_PROBLEM STATEMENT_
Please retype the listing exactly as it appears, skipping each picture.

_DATA SHOWN_
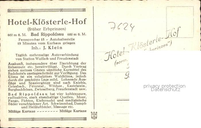 41594066 Bad Rippoldsau Schwarzwald Hotel Klösterle Hof KatCode 11110008237075
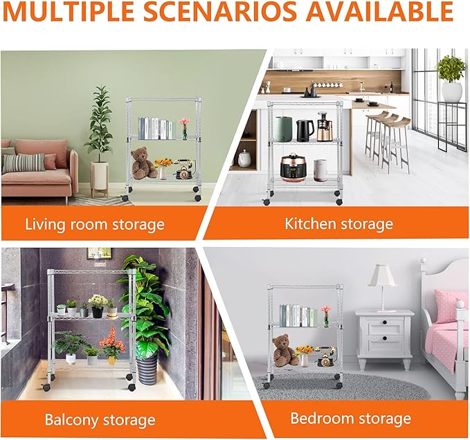 - ✔ [Space saving] Three layers of shelves with wheels can easily help you create a clean kitchen or balcony. The metal storage rack between each layer can be adjusted. The storage rack can be used in a small space, and your condiments, snacks or potted plants can be sorted out.
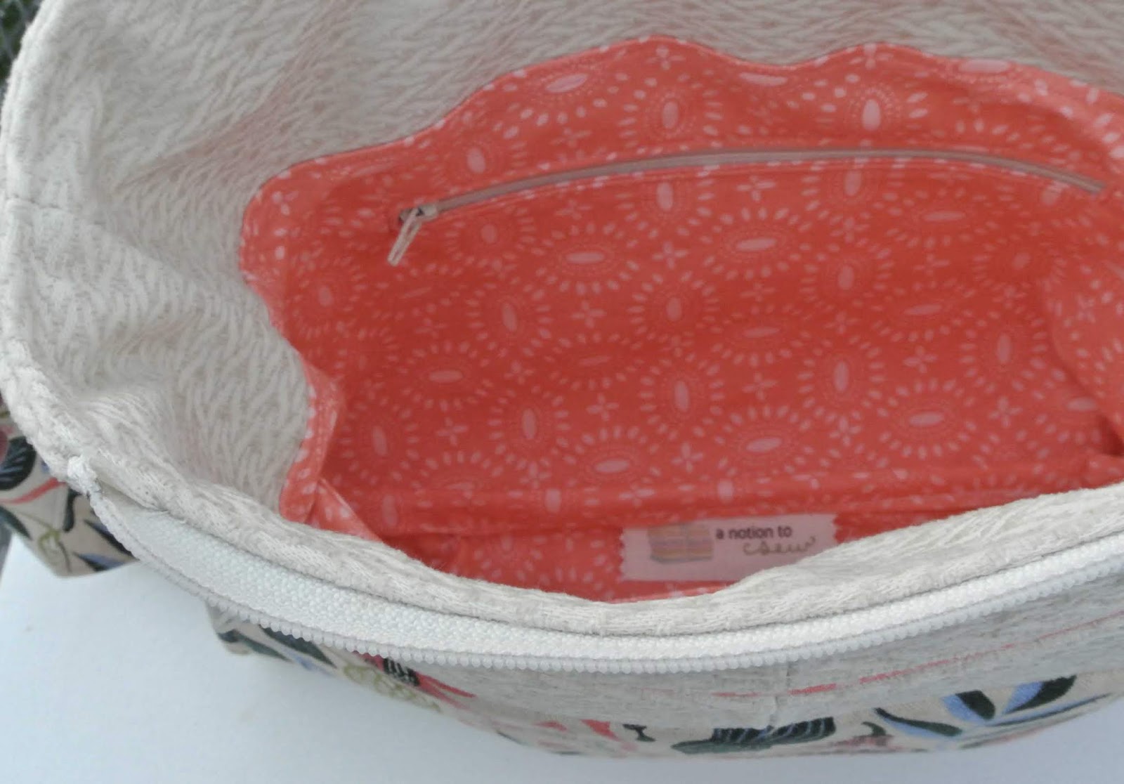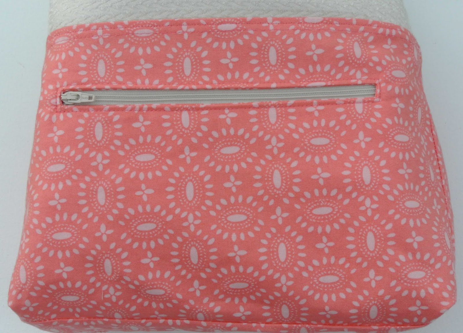 The pattern includes instructions for fabric handle tabs and zipper ends,

_ANSWER AREA_
 41594066 Bad Rippoldsau Schwarzwald Hotel Klösterle Hof KatCode 11110008237075
 - ✔ [Space saving] Three layers of shelves with wheels can easily help you create a clean kitchen or balcony. The metal storage rack between each layer can be adjusted. The storage rack can be used in a small space, and your condiments, snacks or potted plants can be sorted out.
 The pattern includes instructions for fabric handle tabs and zipper ends,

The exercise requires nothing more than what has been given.